Sporophyte Morphology
Capsules can be exserted, whereby the seta is longer than the leaves and it is easily seen towering above the plant. In contrast, the capsules may be immersed whereby the capsule is buried within the leaves.


Above Left: Ditrichum pallidum produces tall, golden seta and is called golden thread moss. Above right: Pleuridium subulatum has immersed capsules that are buried in its leaves.
When a capsule is forming, it is protected by maternal tissue called a calyptra. Calyptrae come in two major shapes: cucullate and mitrate. It can be covered in hairs, or it can be naked. Some are large and cover most of the capsule, while others are small and merely sit at the top.

Cucullate calyptrae are split up the side. These are the sporophytes of Leucodon julaceous.
Mitrate calyptrae are not split up the side. They may have a solid bottom, or they may be lobed. These are the sporophytes of Ptychomitrium incurvum.

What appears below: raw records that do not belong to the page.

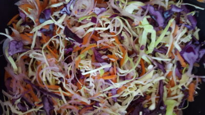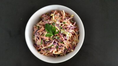 - Een scheut olijfolie en een scheut appelciderazijn of sap van een halve citroen. Of je favoriete dressing (uit een flesje).
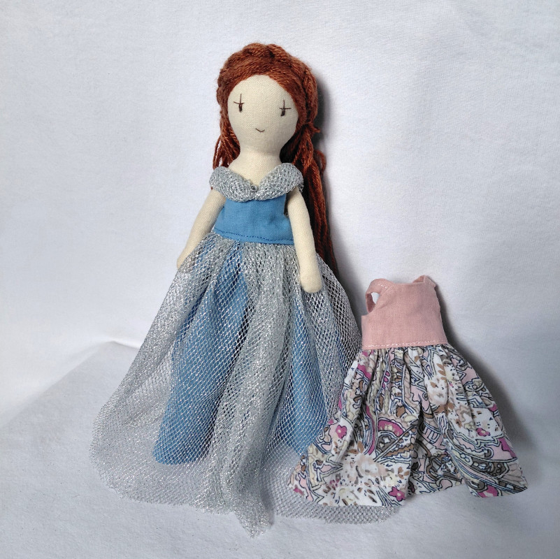 lalka szmacianka z dwiema sukienkami 20 cm (sz8)
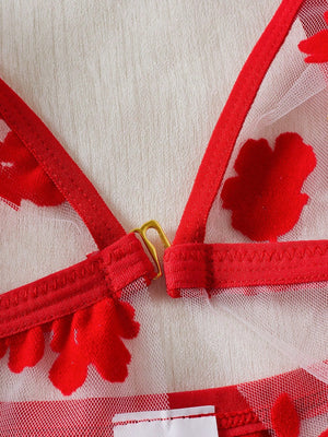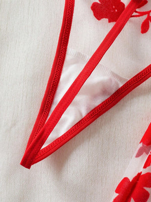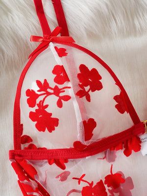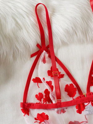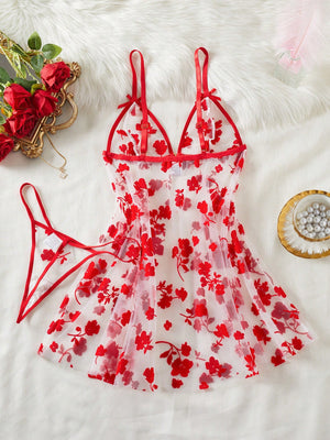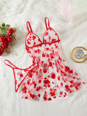 2-delige Dames Sexy Bloemenprint Mesh Pyjama Set – Verleidelijke Lingerie voor Valentijnsdag, Date Night & Feestdagen
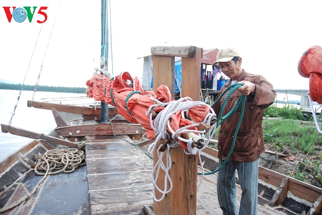 | Nghệ nhân đóng tàu Lê Đức Chắn, một trong số ít nghệ nhân đóng được thuyền ba vách, thực hành thao tác giong buồm. Nghệ nhân Lê Đức Chắn là truyền nhân đời thứ 17 của nghề đóng tàu, thuyền truyền thống ở làng đảo Hà Nam, thị xã Quảng Yên. Ông cũng là người trực tiếp thiết kế và đóng tàu ba vách này. |
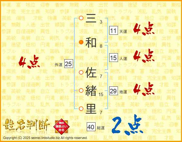 三(3画)和(8画) 佐(7画)緒(15画)里(7画)

Above left: A Polytrichum species sports a cucullate calyptra that is covered in hairs. Above right: Schistidium viride has a tiny lobed mitrate calyptra that barely covers the top of the capsule.
When the calyptra falls off, one can clearly see the operculum at the top of the capsule, if there is one. The operculum can be viewed as a cap that will eventually fall off, allowing the spores to be released. The operculum comes in various shapes and styles.

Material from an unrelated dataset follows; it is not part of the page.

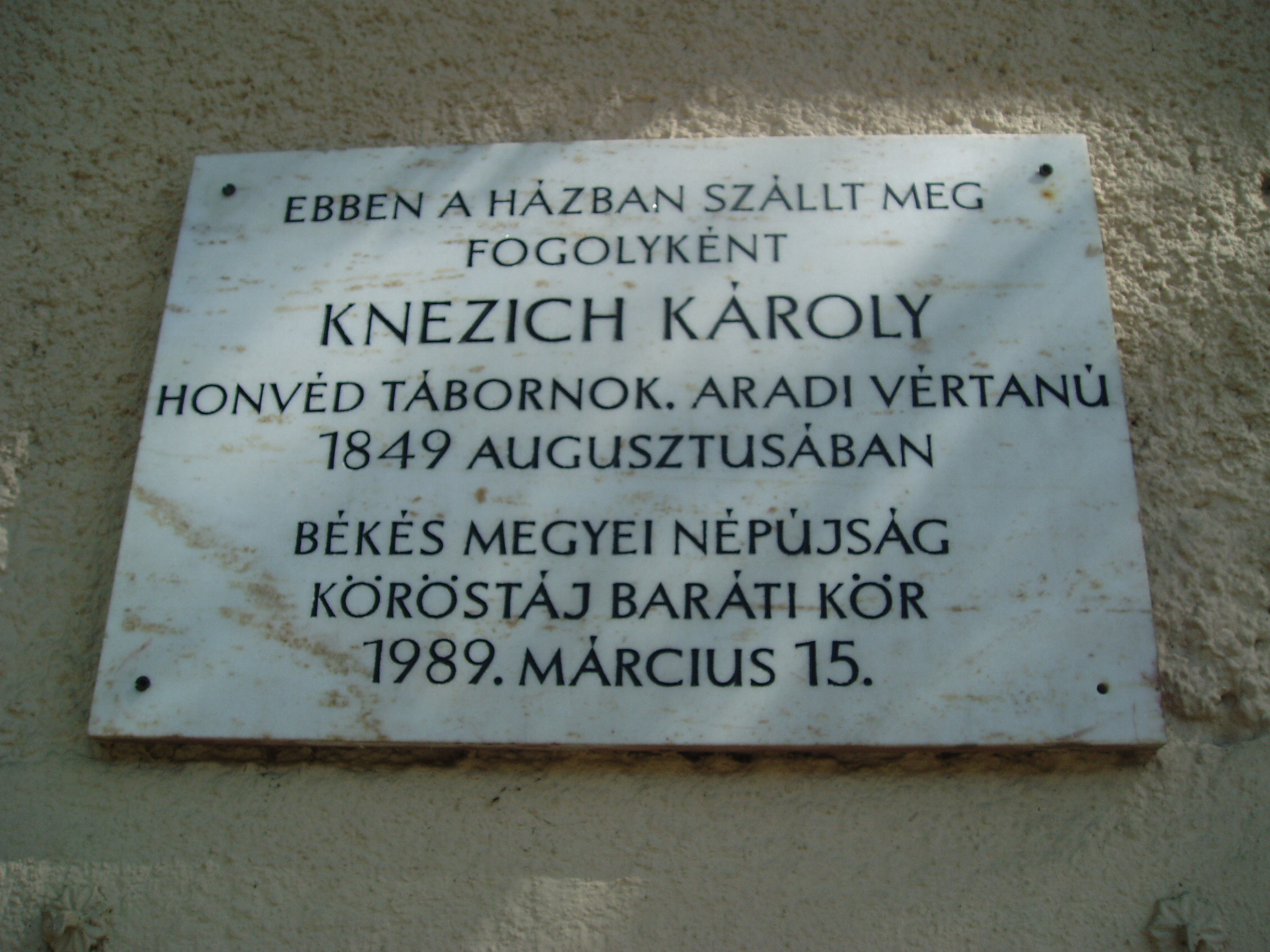 Nyilvános 960 | 1379 | Gyula, Jókai utca 8. Czégényi-ház | Ebben a házban volt elszállásolva 1849. augusztusában Knezich Károly honvéd tábornok, az aradi vértanúk egyike. A lefegyverzéskor kardját Czégényi nevű házigazdájának adta át, s ma a gyulai múzeum becses tulajdona. A szabadságharc tragikus gyulai eseményét lásd: Gyula, Várkert: Honvédtiszti emlékhely. A fénykép 2007 júliusában készült. Felh. irod.: Czeglédi Imre: Gyula útikalauz. 2. jav., bőv. kiad. Gyula, 1995 |

From left to right: flat; conic; conic/apiculate; rostrate
After the operculum falls off, you might see what look like teeth. This is called the peristome. There can be two sets, with the outer set called the exostome, or simply teeth, and the inner set called the endostome, or segments. They can be various lengths and vary in numbers. The peristome can help regulate the release of the spores, with some species being able to open and close them with changes in humidity.



Above left: The teeth of an Atrichum species are curled shut. Above middle: The large teeth of a Schistidium species are reflexed wide open. Above right: The teeth of Tortella humilis are long and twisted around each other.

Some species such as Physcomitrium pyriform, lack a peristome. The capsule remains open to the environment and resembles an urn or wine goblet when mature.